Der Diabetes mellitus und die eingeschränkte Nierenfunktion (chronische Niereninsuffizienz) sind Erkrankungen, die unabhängig voneinander auftreten können, jedoch auch eng miteinander verbunden sind: Der Diabetes selbst ist neben dem Bluthochdruck die häufigste Begleiterkrankung bei einer chronischen Niereninsuffizienz; etwa ein Drittel aller Dialysepatienten sind gleichzeitig Diabetiker. Parallel ist der Diabetes selbst der häufigste Auslöser eines Nierenschadens.

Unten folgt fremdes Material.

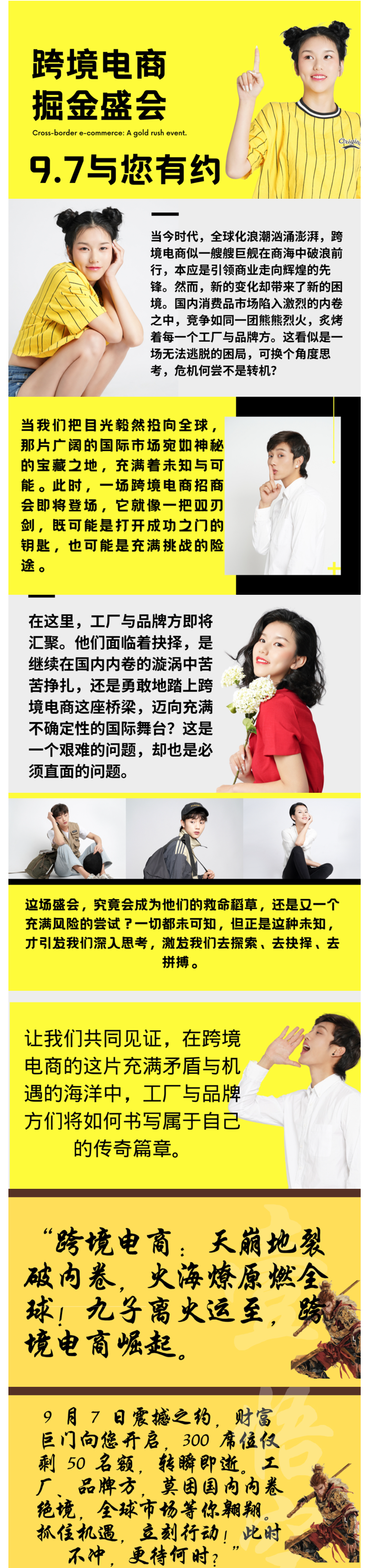 跨境电商链接海外专享 - 说明:踏上悟空的数字祥云,搭乘跨境电商的高速列车,乘风破浪,跨越重洋,在全球化的舞台上,开启财富密码,挖掘新的利润宝藏。让我们以无畏的勇气和创新的思维,在跨境电商的广阔天地中,书写属于自己的传奇篇章,共同创造财富新纪元!欢迎实体企业报名参加!

Diabetische Nierenerkrankungen sind die häufigste Ursache in den Industrienationen für eine chronische Nierenschwäche, sie ist mit eine der häufigsten und auch der gefährlichsten Komplikationen des Diabetes. Etwa 20 bis 40 Prozent aller Menschen mit Diabetes entwickeln sie im Laufe ihrer Erkrankung.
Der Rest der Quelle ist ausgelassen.